*** Opening of Recorded data ***

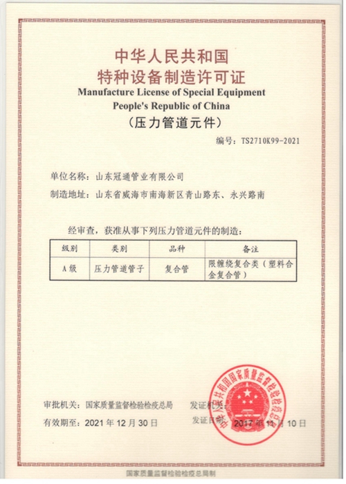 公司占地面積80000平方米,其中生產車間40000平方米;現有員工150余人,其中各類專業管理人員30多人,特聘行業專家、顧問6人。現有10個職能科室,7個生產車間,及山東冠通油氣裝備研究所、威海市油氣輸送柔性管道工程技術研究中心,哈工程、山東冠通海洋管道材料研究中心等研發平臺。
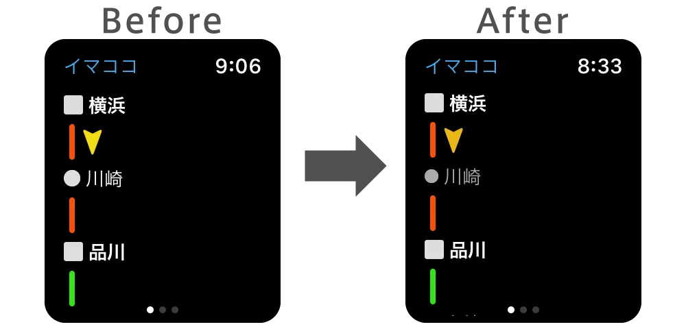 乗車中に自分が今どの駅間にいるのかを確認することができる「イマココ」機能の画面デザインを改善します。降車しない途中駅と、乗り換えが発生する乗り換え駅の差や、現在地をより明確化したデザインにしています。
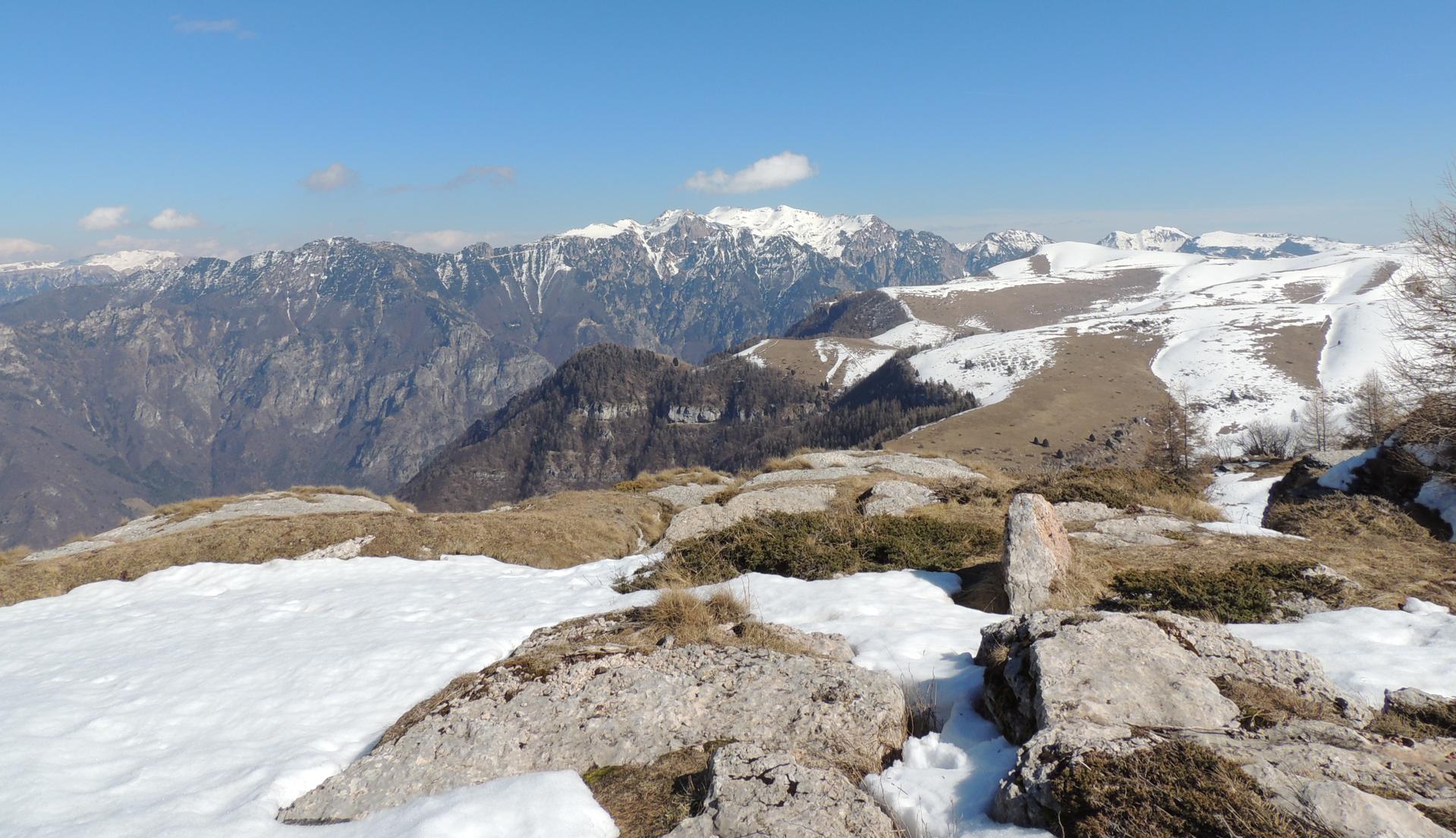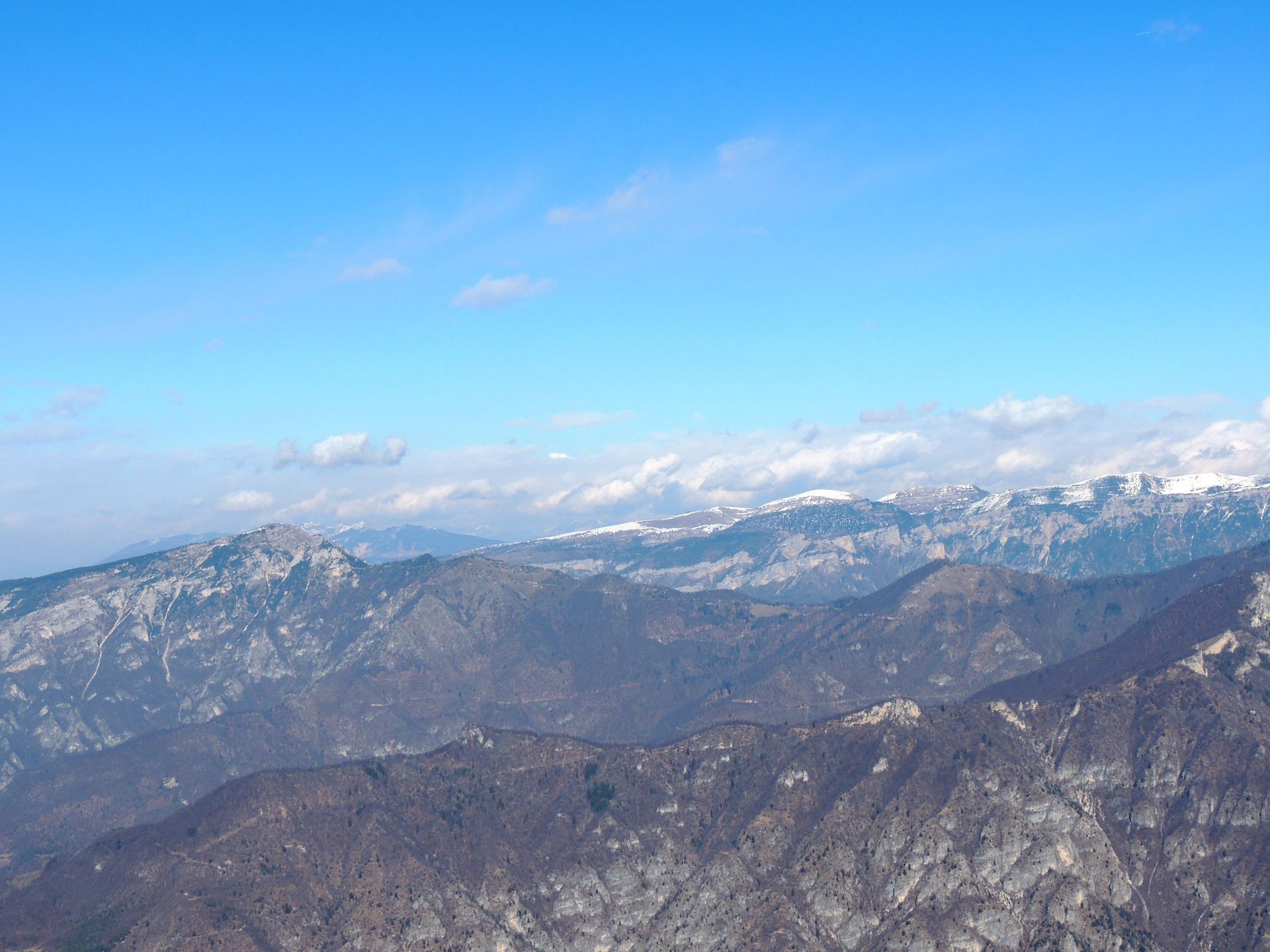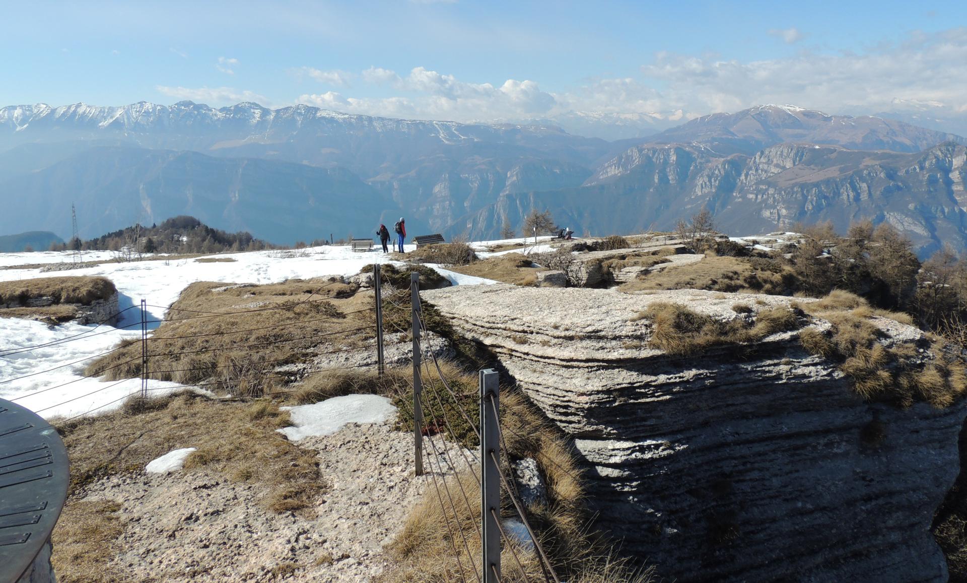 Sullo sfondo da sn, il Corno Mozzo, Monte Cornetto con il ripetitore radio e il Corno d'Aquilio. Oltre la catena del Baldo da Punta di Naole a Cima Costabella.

*** Close of Recorded data ***
*** Opening of Recorded data ***

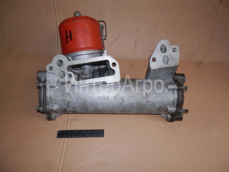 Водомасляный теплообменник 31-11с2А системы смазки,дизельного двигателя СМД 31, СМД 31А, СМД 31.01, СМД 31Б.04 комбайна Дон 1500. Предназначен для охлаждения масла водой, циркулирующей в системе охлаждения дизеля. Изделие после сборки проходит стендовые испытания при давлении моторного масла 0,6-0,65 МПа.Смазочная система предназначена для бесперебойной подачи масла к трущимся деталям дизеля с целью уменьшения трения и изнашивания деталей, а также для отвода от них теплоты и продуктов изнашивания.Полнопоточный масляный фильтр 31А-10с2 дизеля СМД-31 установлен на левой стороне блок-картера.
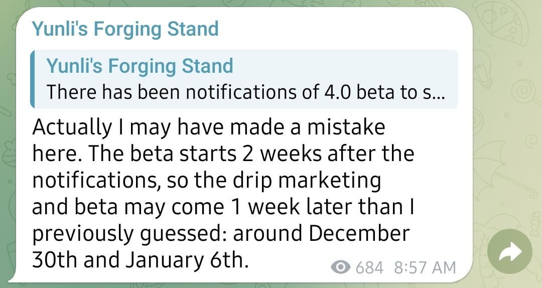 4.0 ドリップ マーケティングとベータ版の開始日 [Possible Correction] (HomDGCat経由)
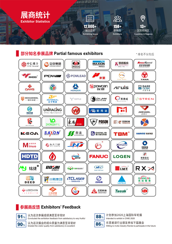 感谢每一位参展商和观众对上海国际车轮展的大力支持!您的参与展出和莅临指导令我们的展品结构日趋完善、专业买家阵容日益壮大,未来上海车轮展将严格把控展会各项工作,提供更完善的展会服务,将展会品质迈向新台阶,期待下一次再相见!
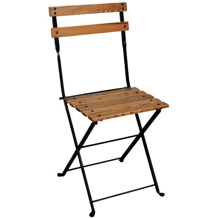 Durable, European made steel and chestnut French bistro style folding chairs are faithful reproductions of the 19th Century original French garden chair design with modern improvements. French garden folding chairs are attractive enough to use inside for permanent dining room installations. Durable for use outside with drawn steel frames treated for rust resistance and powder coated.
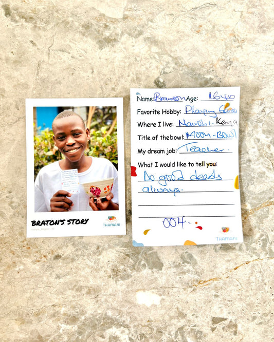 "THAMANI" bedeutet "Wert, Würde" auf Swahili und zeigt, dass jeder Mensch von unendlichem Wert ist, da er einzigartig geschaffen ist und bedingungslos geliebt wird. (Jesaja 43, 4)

*** Close of Recorded data ***

Aim of the exercise
Copy word for word only the lines above from the one with "公司占地面積80000平方米" through the one with "Sullo sfondo da". Leave pictures out.

Result
 公司占地面積80000平方米,其中生產車間40000平方米;現有員工150余人,其中各類專業管理人員30多人,特聘行業專家、顧問6人。現有10個職能科室,7個生產車間,及山東冠通油氣裝備研究所、威海市油氣輸送柔性管道工程技術研究中心,哈工程、山東冠通海洋管道材料研究中心等研發平臺。
 乗車中に自分が今どの駅間にいるのかを確認することができる「イマココ」機能の画面デザインを改善します。降車しない途中駅と、乗り換えが発生する乗り換え駅の差や、現在地をより明確化したデザインにしています。
 Sullo sfondo da sn, il Corno Mozzo, Monte Cornetto con il ripetitore radio e il Corno d'Aquilio. Oltre la catena del Baldo da Punta di Naole a Cima Costabella.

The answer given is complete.